■ Required work: Exact repetition of a range: find the line containing "- Λαμπάδα βάπτισης, διακοσμημένη" and the line containing "During the survey, students" in the material below, then repeat both and all lines between them, leaving pictures out.

■ Entries supplied:
*** Begin section ***
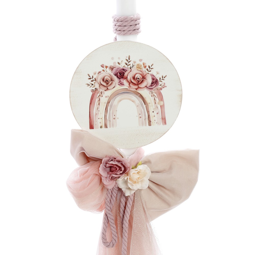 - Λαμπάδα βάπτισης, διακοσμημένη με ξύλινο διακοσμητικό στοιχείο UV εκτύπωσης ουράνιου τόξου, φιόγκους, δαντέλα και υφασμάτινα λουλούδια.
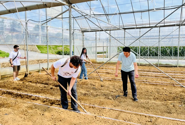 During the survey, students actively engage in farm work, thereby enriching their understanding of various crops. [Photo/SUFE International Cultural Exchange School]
*** End section ***
*** Begin section ***
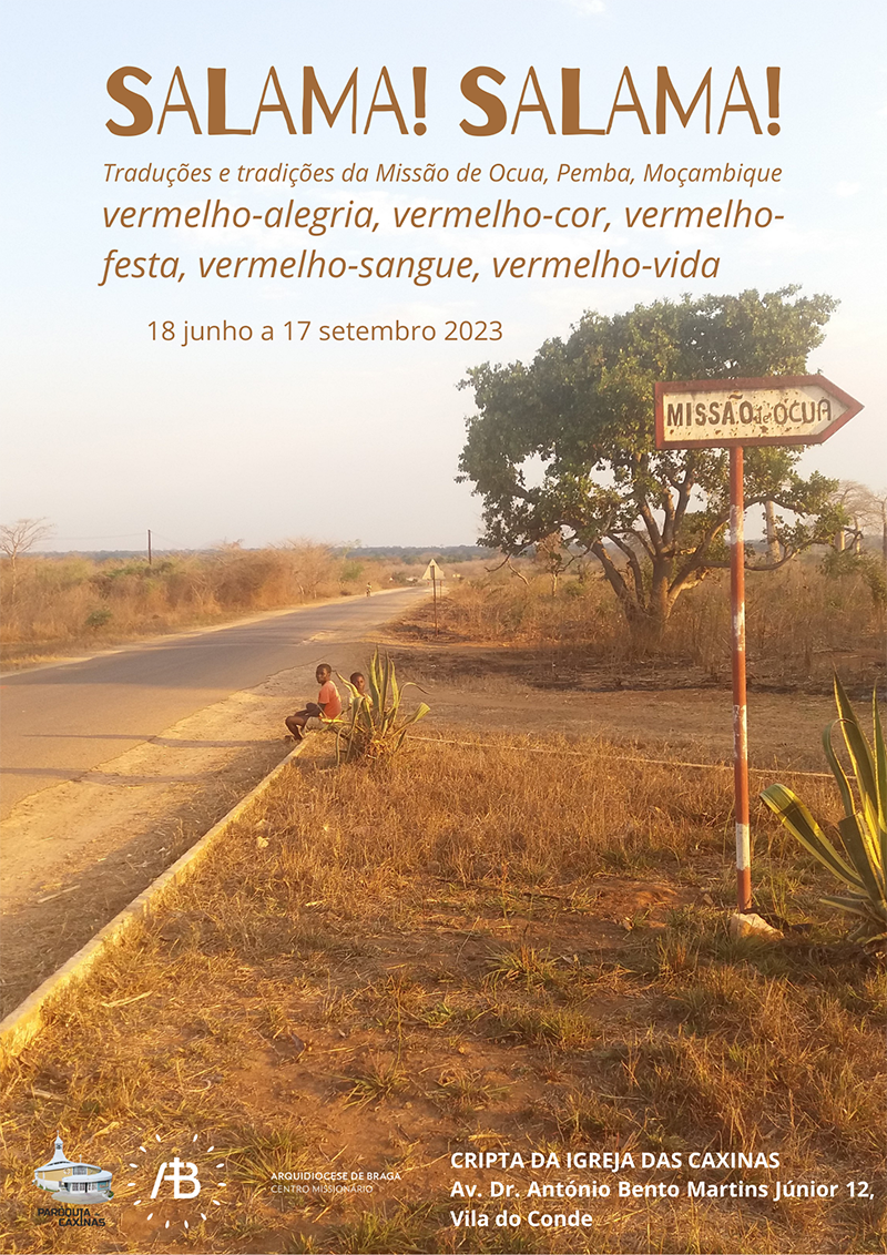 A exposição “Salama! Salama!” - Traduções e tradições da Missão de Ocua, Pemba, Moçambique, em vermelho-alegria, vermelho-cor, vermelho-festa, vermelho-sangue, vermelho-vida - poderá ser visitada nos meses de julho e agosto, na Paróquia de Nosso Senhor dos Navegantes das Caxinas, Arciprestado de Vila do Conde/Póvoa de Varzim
*** End section ***
*** Begin section ***
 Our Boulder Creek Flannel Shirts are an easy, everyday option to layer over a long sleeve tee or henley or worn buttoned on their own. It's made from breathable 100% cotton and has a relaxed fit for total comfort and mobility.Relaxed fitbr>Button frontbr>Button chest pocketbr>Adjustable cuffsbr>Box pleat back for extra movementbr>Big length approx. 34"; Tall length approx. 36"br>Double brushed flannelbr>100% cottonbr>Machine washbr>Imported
*** End section ***
■ Exercise result:
 - Λαμπάδα βάπτισης, διακοσμημένη με ξύλινο διακοσμητικό στοιχείο UV εκτύπωσης ουράνιου τόξου, φιόγκους, δαντέλα και υφασμάτινα λουλούδια.
 During the survey, students actively engage in farm work, thereby enriching their understanding of various crops. [Photo/SUFE International Cultural Exchange School]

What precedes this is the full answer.